NOTE: It is advised to hold the rope 1 inch below the end knobs. It can hurt your hand if, when doing the curl with a big weight, your index finger and thumb are flush with the knob. This can be prevented by firmly grasping the area 1 inch below the knobs.

#4  Alternating Dumbbell Curls



Starting Position: Standing with your palms towards your body and your arms at your sides holding dumbbells.  Maintain good posture and keep your feet at shoulder width.
Exercise: Perform the curl with one arm at a time, rotating the forearm until the palm is facing up.  Rotate the arm to the starting position as you descend to get back to the starting position.  Executing one
Reps, Sets, and Rest:
4-5 / 6 to 12 / 30 seconds in mass and size
Density and Hardness: 3-4, 3 to 6, 90 seconds
Variations: The rotation can be problematic for certain persons because they have weak elbows as a result of prior tendon issues. In this situation, execute the same exercise (bicep contraction) without rotating your forearm.  (So the starting position would be palms forward).
Be careful to rotate in a slow and controlled manner. Your elbows may become sore if you jerk.

#5  Hammer Curls



Starting Position: Standing with your palms towards your body and your arms at your sides holding dumbbells. Your posture is straight, and your feet are at shoulder width.
Exercise: With both arms together, curl your forearm without rotating your biceps. As a result, a hammer curl differs from a conventional dumbbell curl because there is no rotation throughout the curl. Go back to the starting place.
Reps, Sets, and Rest:
4-5 / 6 to 12 / 30 seconds in mass and size
Density and Hardness: 3-4, 3 to 6, 90 seconds
As an alternative, perform Hammer Curls “down the rack” to finish your bicep workout. Without stopping between sets, begin with your comfortable weight and “down the rack”
For instance, start with 20# dumbbells and perform hammer curls until failure, then switch to 15# dumbbells and perform hammer curls until failure, switch to 12.5# and perform hammer curls until failure, etc. — all in rapid succession, typically performing 5–6 sets overall (20# down to 5#).
Warning: Generally safe; just be mindful of your weight.

 “Also Rans”

Actually, these are not also-rans…they are every bit as worthy of the Top 5 list as any bicep workout:

  • Incline Dumbbell Curl – Great for working the long head muscle.
  • Supinated Bent-Over Rows – Great for bicep mass and also working the back.
  • Close-grip Chin-ups – Great for working biceps as well as back.

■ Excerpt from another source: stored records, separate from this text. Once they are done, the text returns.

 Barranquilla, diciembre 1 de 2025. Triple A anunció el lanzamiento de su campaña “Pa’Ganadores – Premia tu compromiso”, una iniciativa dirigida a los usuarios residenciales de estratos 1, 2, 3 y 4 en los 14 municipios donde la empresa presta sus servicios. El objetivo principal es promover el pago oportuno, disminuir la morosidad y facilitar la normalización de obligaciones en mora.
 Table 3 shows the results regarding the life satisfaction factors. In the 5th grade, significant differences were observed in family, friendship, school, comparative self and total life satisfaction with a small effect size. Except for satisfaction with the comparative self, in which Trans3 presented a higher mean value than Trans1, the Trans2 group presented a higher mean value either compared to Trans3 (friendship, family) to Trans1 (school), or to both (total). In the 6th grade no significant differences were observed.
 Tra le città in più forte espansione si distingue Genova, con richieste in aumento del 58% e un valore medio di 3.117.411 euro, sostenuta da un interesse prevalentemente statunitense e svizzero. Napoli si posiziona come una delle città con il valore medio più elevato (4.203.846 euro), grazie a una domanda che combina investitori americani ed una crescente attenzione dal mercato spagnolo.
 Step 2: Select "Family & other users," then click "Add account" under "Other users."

Avoiding Injury and Bicep Tears

The biceps tendons, which attach the biceps to the shoulder and elbow, gradually begin to deteriorate as you age.
A biceps workout is not the cause of the majority of ruptured biceps tendons at the shoulder, which happen in adults over the age of 60 or 70. (4)
When working out your biceps, you must be mindful of and wary about elbow tears as you approach middle age. For middle-aged men, this is where most torn biceps tendons occur, and they typically occur when attempting exercises with big weights and jarring movements. Occasionally, there is no prior indication of it (pain, discomfort, etc.).

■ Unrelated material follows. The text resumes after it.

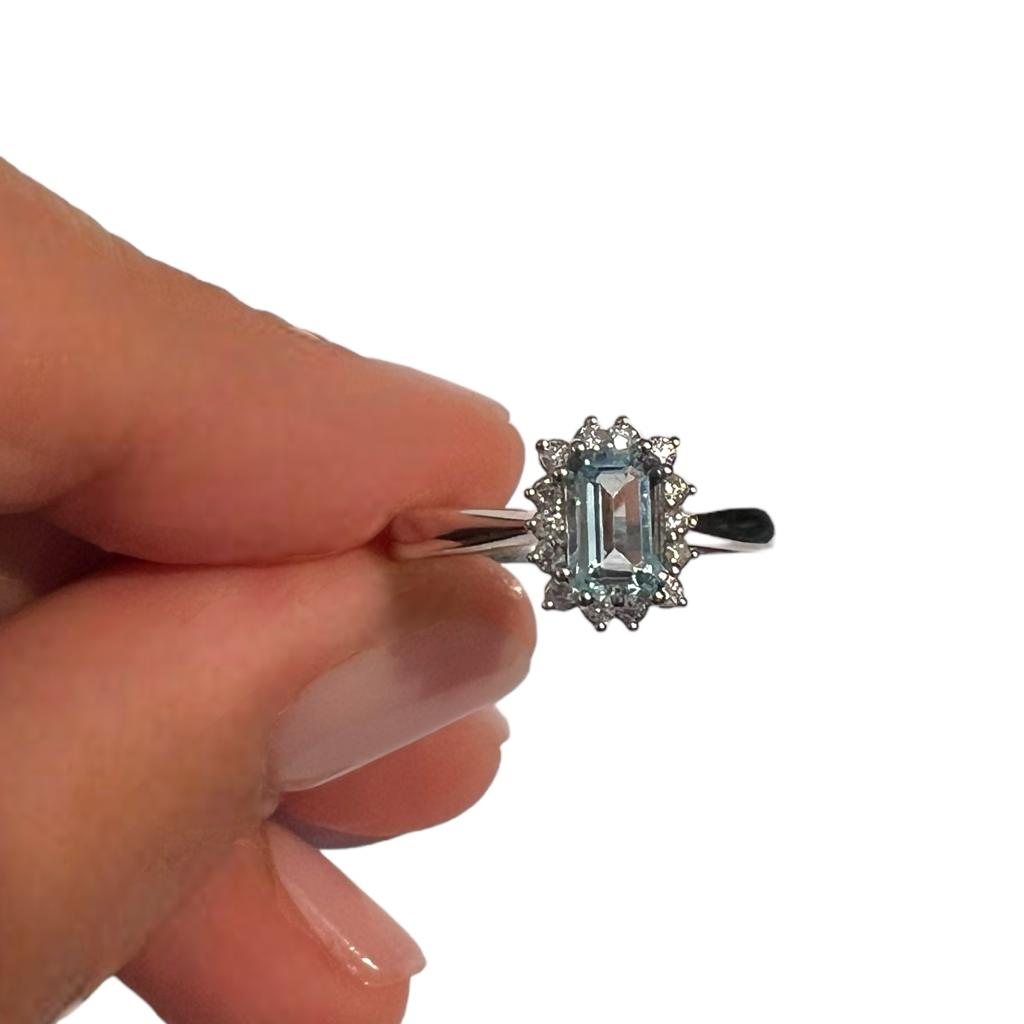 Anello acquamarina e diamanti Cipolla dal 1950 Gioiellieri COLLEZIONE BON TON, lavorazione artigianale; Montatura in oro bianco 750% 18 kt, Diamanti taglio brillante peso 0,15 ct colore F Purezza VS1 acquamarina peso 0,47 ct taglio smeraldo

These tears often require surgery, so you obviously want to take every precaution to avoid this:

To build muscle, you should use heavy weights during resistance training, but not so heavy that you lose control of the object and extend your arm too far.
Make sure your lifting and curling motions are smooth, controlled, and not jerky.
Make sure you are stretching properly by doing some mild cardio and dynamic stretching before your workout to warm up and loosen the muscles, followed by some static stretching.
Don’t let your ego get the best of you and lift weights that you are not yet capable of doing; always employ good form and technique.